To test this hypothesis, we implemented several algorithms in Common LISP, building on Ray Mooney's publicly available Machine Learning library. The implemented algorithms are DOS, a basic separate-and-conquer rule learning algorithm using information gain as a search heuristic and no stopping criterion for noise handling, WIN-DOS-3.1, an implementation of windowing as shown in Figure 1 that wraps a windowing procedure around DOS, and WIN-DOS-95, an algorithm that integrates windowing into DOS as shown in Figure 3. All algorithms are limited to 2-class problems, i.e., they learn a theory that discriminates positive from negative examples by classifying all examples that are covered by the rules as positive, and all examples that are not covered by the rules as negative. Note, however, that this is not a principle limitation of the approach, as there are several ways for solving multi-class problems with binary rule learning algorithms of the type discussed in this paper [12,1,19].

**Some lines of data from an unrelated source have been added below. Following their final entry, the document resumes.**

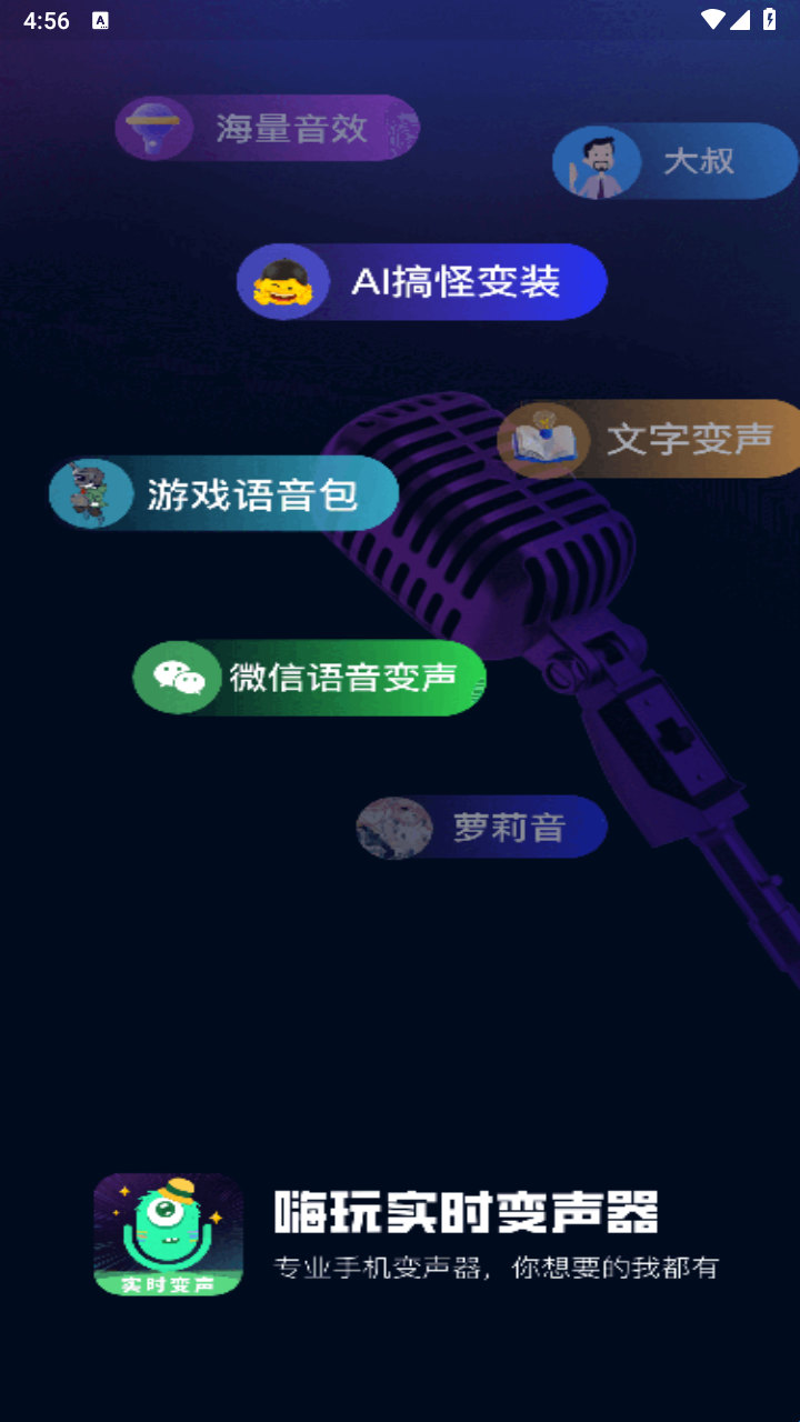 嗨玩实时变声器是一款非常有趣的变声软件,这款软件内拥有超多的音色可以选择,无论是男声、女声还是御姐、萝莉等等全都有,并且软件适用于多种场景,无论是游戏开黑还是好友聊天都可以用的上,感兴趣的小伙伴儿赶紧下载体验吧。
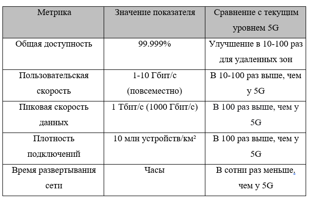 По мнению ведущих экспертов, предлагаемая интеллектуальная глобальная система связи будет иметь ряд существенных преимуществ в сравнении с G5 по ряду показателей, представленных ниже таблице.
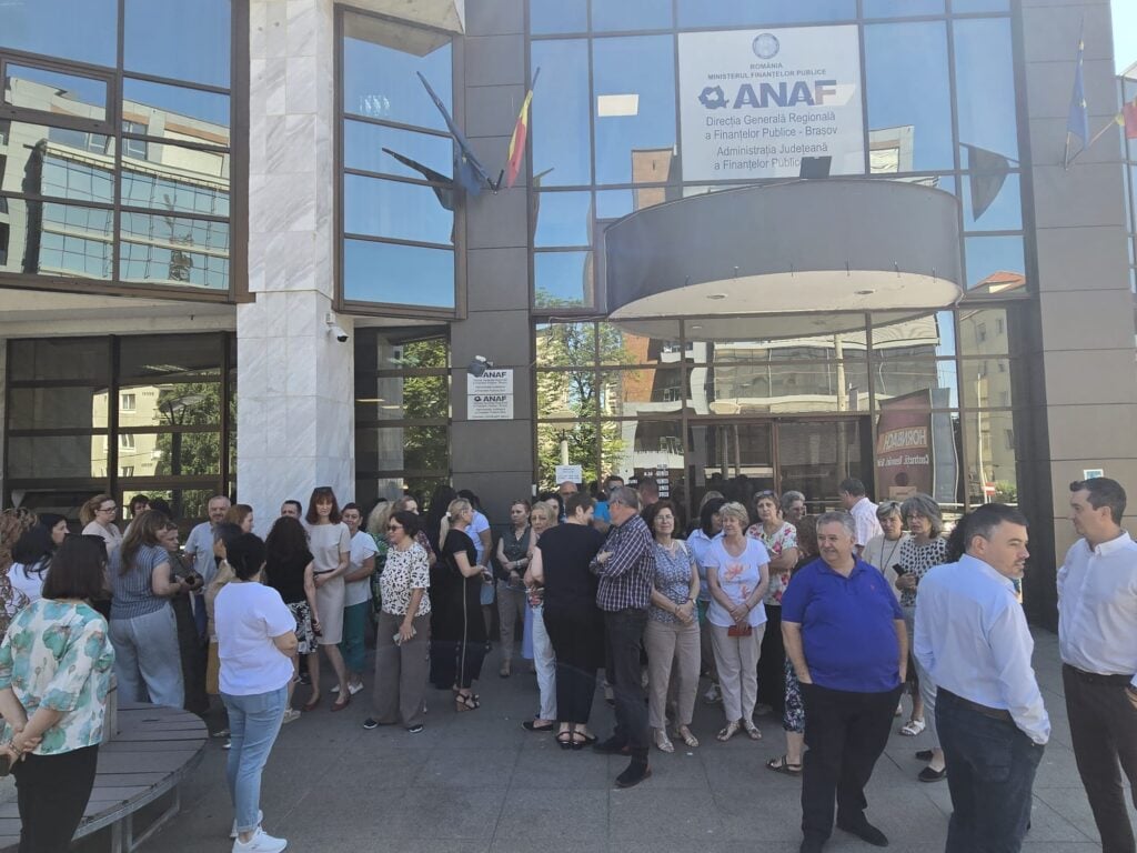 Continuă protestul angajaților ANAF. S-au alăturat marți și cei din Mediaș. Nu vor plafonarea sporului de condiții vătămătoare la 300 de leiAngajații ANAF continuă protestul și marți, după ce luni, aproximativ 50 de persoane au ieșit în fața sediului central din municipiul Sibiu. Astăzi, s-au alăturat protestului și angajații ANAF din Mediaș, anunță conducerea Sindicatului Național Solidaritatea (SNS). Sindicatul a precizat -

In preliminary experiments it turned out that one problem that happens more frequently in integrative windowing than in regular windowing or basic separate-and-conquer learning is that of over-specialized rules. Often a consistent rule is found at a low example size, but other rules are found later that cover all of the examples this special rule covers. Note that this problem cannot be removed with a syntactic generality test: consider, for example, the case where a rule stating that a KRK position is illegal if the two kings are on the same square is learned from a small set of the data, and a more general rule is discovered later, which states that all positions are illegal in which the two kings occupy adjacent squares. Sometimes the examples of the special case can also be covered by more than one of the other rules.
We have implemented a heuristic procedure for removing such redundant rules: After the final theory has been learned by either of the algorithms, each of its rules is tested on the complete training set and the rules are ordered according to the number of examples they cover. Starting with the rule with the least coverage, each rule is tested whether the examples it covers are also covered by the remaining rules. If so, the rule is removed. This procedure can be implemented quite efficiently and will only be performed once at the end of each of the three algorithms.